Mark D. Smucker
Home
Publications
Curriculum Vitae
Software
Notes
 
 
 
APCorr
This is a set of R functions that implement Yilmaz et al.'s AP Correlation Coefficient (APCorr). We have extended the original APCorr measure to handle ties in the ranking by sampling and averaging values of APCorr for permutations of tied ranks.

This code was written for and used in the evaluation of the TREC 2013 Crowdsourcing Track. If you use this code, please cite:

Mark D. Smucker, Gabriella Kazai, and Matthew Lease, "Overview of the TREC 2013 Crowdsourcing Track," TREC 2013. [PDF].

Download code: apcorr.r

Paired Randomization Test
This is a perl script implementation of Fisher's two-sided, paired randomization test. More details about the test can be found in:

Mark D. Smucker, James Allan, and Ben Carterette. "A Comparison of Statistical Significance Tests for Information Retrieval Evaluation," CIKM '07, Lisboa, Portugal, 2007. [PDF]

I also have a C++ version of this code, but it is not quite ready for a public release. If you run into any issues with this code, please let me know. If you use this script and publish results, please cite the CIKM paper rather than this web page.

The script takes as input the relational output of trec_eval with the -q option to produce metrics for all queries. More usage information is available at the top of the script.

Download: paired-randomization-test-v2.pl

ContactCollector
In the summer of 2003, I wrote a piece of software called ContactCollector that scans through my email messages in Microsoft Outlook and collects the names and email addresses of the people with whom I've had correspondence over the years. ContactCollector then gives you the opportunity to add the email addresses to your Outlook contacts.

ContactCollector has many rough edges and comes with no gauruntee that it won't destroy all your email and contacts etc., but it works for me! It requires .Net 1.1 and was written to work with Outlook 2002, but I hope it works with Outlook 2000 and Outlook 11 as well.

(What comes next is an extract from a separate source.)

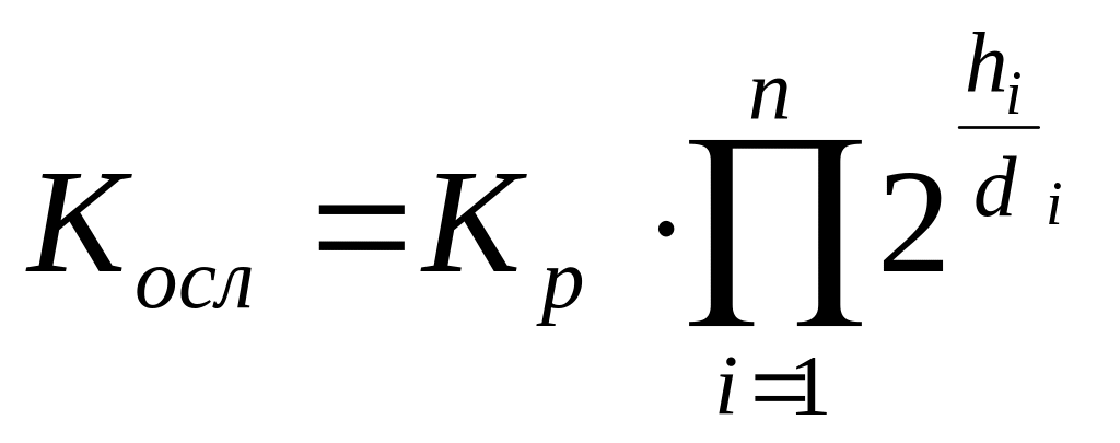 Кослсх.= 2⋅Косл бет. ⋅Косл гр = 2⋅24⋅25 = 2⋅16⋅32 =1024 Порівнюються захисні властивості з необхідними ∆Рф.зах = 100 кПа і ∆Рф.необх = 40 кПа Косл.сх= 1024 і К осл.необх= 1000.

Please let me know what you think by writing to . I personally discovered that what I really wanted was a means to search for email addresses rather than collect them. I have not included source code.

Download: ContactCollectorSetup.zip (size 710 KB)

SharpAIM / SharpTOC
SharpAIM is an example IM program that uses the C# library SharpTOC to communicate on the AOL IM system using the TOC Protocol. It is an improved port of Jeff Heaton's JavaTOC. SharpTOC should make writing a bot (an AIM bot) quite a bit easier in C#. The download includes all source code.

Download: SharpAIM.zip (size 1.6 MB)

DocViewer
DocViewer is a small program that reads in the .docs files being used in the 646 IR class and provides a simple interface to display those documents in a text pane. (It also works for the .dat trec format files used by CIIR.) DocViewer also allows one to read in a results file produced by lemur and easily view the results.

DocViewer is written in C# and runs on the .Net 1.1 platform (for Windows unless Mono works). You'll have to install .net 1.1, but that is easier than installing java. The setup will prompt you to install .net 1.1 if you don't have it installed.

You can get DocViewer at: http://www.cs.umass.edu/~smucker/646/DocViewer.zip

It includes the source in case you want to make it better (or make it work if it doesn't for you). At the moment, it wants a results file in simple, not trec format.